I've seen Whipping Boy have very good and very bad nights. Last time they played Limerick on their re-union tour the venue was crammed with event junkie dicks there to hear one or two songs. Beyond that the crowd largely ignored whipping boy and were downright abusive to supports. I suspect this was the same tour you saw them on.
...wow. Bloke gets drunk and cracks on to girls ...and in a nightclub too!! Jaysis he's an awful demon that one.
Fly, you're evidently a U2 fan and I respect that. But here in your own words you're relegating
the song to the role of soundtrack for the video. Maybe that's just the way rock'n'roll has gone since the rise of MTV -but it is nonetheless sad in every sense of the word.
Let's not forget that they're songwriters ...great ones supposedly -not movie makers or video directors. Even if the video is the best thing since sliced pan -I think it unlikely their actual creative input, expressed as a percentage, would make it out of single figures.
...is the correct answer.
He has a very valid point Neil and it's fair to make it. If Get On Your Boots (horrific grammar btw) was released by an even moderately famous band it'd quite likely die on it's hole.
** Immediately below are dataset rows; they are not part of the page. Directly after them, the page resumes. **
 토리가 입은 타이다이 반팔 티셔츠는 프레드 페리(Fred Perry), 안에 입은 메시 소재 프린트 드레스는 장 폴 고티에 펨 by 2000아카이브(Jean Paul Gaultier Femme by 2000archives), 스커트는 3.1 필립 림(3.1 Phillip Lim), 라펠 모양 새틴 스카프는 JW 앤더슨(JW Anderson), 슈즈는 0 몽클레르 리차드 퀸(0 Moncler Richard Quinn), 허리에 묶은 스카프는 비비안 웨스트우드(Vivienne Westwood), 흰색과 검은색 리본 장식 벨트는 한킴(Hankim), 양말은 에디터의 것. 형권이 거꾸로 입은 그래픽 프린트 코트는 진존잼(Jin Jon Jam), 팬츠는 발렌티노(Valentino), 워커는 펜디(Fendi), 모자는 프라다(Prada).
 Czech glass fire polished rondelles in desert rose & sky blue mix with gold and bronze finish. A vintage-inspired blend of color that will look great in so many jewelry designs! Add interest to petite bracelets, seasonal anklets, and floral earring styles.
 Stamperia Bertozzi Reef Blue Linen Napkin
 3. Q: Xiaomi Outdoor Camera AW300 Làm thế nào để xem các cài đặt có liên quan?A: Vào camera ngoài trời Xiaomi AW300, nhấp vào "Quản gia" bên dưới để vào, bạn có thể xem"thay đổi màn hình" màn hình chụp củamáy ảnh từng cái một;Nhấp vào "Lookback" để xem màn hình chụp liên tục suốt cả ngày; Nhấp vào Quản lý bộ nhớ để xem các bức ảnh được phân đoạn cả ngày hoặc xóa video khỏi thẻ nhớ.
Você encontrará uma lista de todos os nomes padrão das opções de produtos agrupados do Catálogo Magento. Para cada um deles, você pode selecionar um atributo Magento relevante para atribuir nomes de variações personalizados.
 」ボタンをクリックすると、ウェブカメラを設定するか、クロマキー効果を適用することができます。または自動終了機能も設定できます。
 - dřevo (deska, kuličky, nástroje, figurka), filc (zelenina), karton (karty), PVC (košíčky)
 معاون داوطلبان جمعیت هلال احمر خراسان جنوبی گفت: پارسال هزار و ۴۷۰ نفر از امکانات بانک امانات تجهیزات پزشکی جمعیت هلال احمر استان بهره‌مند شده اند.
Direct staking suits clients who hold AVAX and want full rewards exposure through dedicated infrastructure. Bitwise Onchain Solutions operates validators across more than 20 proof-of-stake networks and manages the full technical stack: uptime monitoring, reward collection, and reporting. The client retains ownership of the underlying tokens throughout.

But because of their sheer popularity and the inertia of the media -especially those who draw up playlists - it'll be rammed down throats until consensus is arrived at that it's great sure.
The same can be said, I think, of much of their output in the last two decades which says to me they're still to an extent riding a quite remarkable wave created primarily by The Joshua Tree. It is no co-incidence, to my mind, that the best thing they've released since then was originally a b-side of one of the singles from the Joshua Tree.